Thursday, May 13, 2010

more on diagnosis

http://www.springerlink.com/content/4af1prhmcw75n6df/

Apparently atypical depression can be an indicator of bipolar. Atypical depression involves a long-standing pattern of extreme sensitivity to rejection. This, I think, could be the equivalent of frantic attempts to avoid abandonment in borderline personality disorder.
Note: there is another way to interpret this. Atypical depression involves mood reactivity as well, and both mood reactivity and hypersensitivty to rejection could be equivalent to the mood reactivity in BPD.
So there is another way in which BP and BPD can overlap. That just leaves dissociation and splitting to differentiate BPD from BP. Although, a science direct search yields a lot of articles for "dissociation in bipolar disorder", and it makes sense that it could occur since bipolar disorder can involve psychotic symptoms, and dissociation is a sort of sub-threshhold psychotic symptom. As for splitting, it may be the one thing that really characterises BPD. I read some of a clinical guide on treating BPD and a lot of it seemed to be about dealing with splitting. Mostly it was about dealing with the difficulties that the patients bring, such as being insulted.

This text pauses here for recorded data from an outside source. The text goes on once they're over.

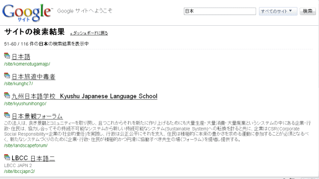 Google の検索テクノロジーを使用して自分の Google サイトのコンテンツを検索できます。
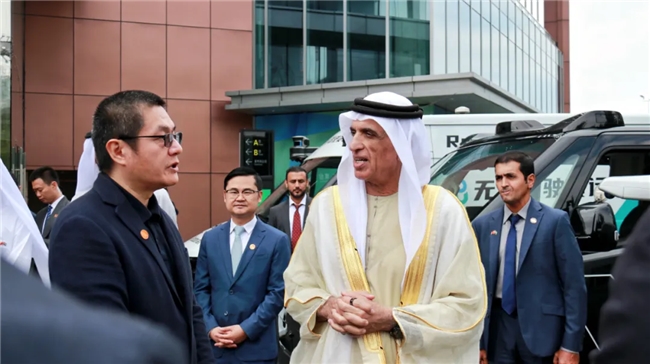 阿聯酋聯邦最高委員會成員、哈伊馬角酋長His Highness Sheikh Saud bin Saqr Al Qasimi參觀文遠知行Robotaxi GXR等產品矩陣
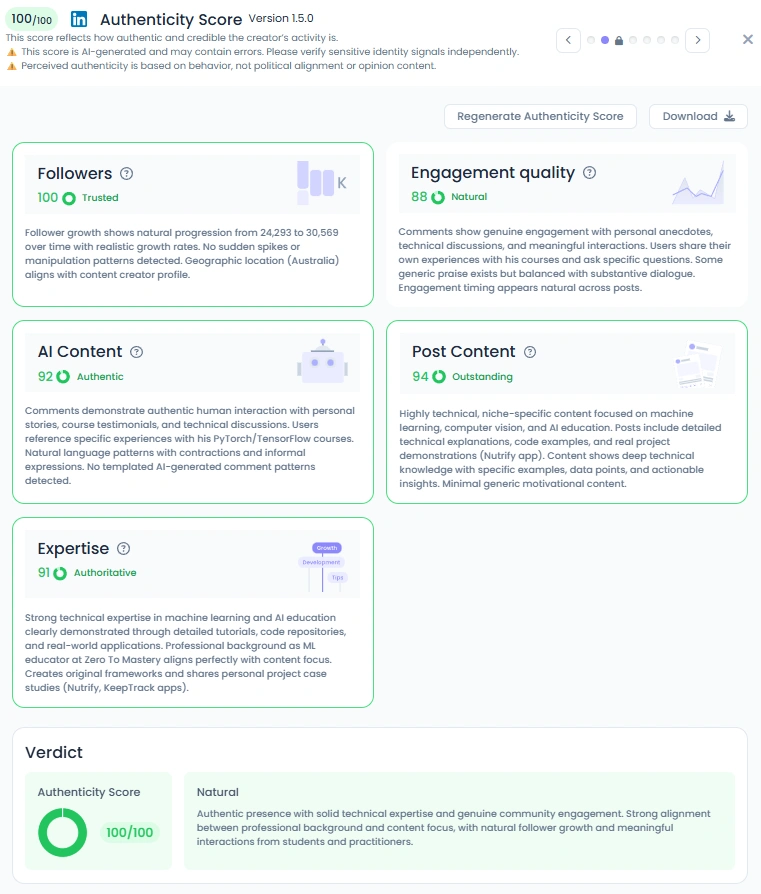 Daniel holds a perfect 100 Authenticity Score which fits his style perfectly. His feed is full of real discussions, course testimonials, behind-the-scenes experiments, and casual snapshots of projects he's coding at home. Comments show genuine curiosity from students and practitioners who ask specific technical questions. His tone is informal and honest. No templated responses. No empty hype. Just a builder talking about the craft.

Plus there is the diagnostic category of bipolar not otherwise specified, which includes full hypomanic symptoms without depression, or a history of depression with hypomania that doesn't last for four days. Cycling between depression and hypomania throughout the day can be classified as BP-NOS. Wouldn't this look exactly like BPD, especially if the person had a long-standing pattern of hypersensitivity to rejection?

Of course there are still many other things that could differentiate BP: agitation, racing thoughts, increased activity in general and especially goal-directed activity, decreased need for sleep, flight of ideas, pressured speech, distractibility. None of these should really happen in BPD, at least not in a cluster. If they do happen in a cluster that also involves elated or irritable mood, even if the symptoms don't last that long, I guess that would indicate BP or BP-NOS. This is one way to differentiate BP from BPD, but it still leaves the problem of differentiating BPD from BP. BP can still "look like" BPD.

Apparently it's common for people with BPD to also have Axis I disorders like major depression. You can even have both BP and BPD. It's all very confusing. Obviously mental health diagnosis is not an exact science.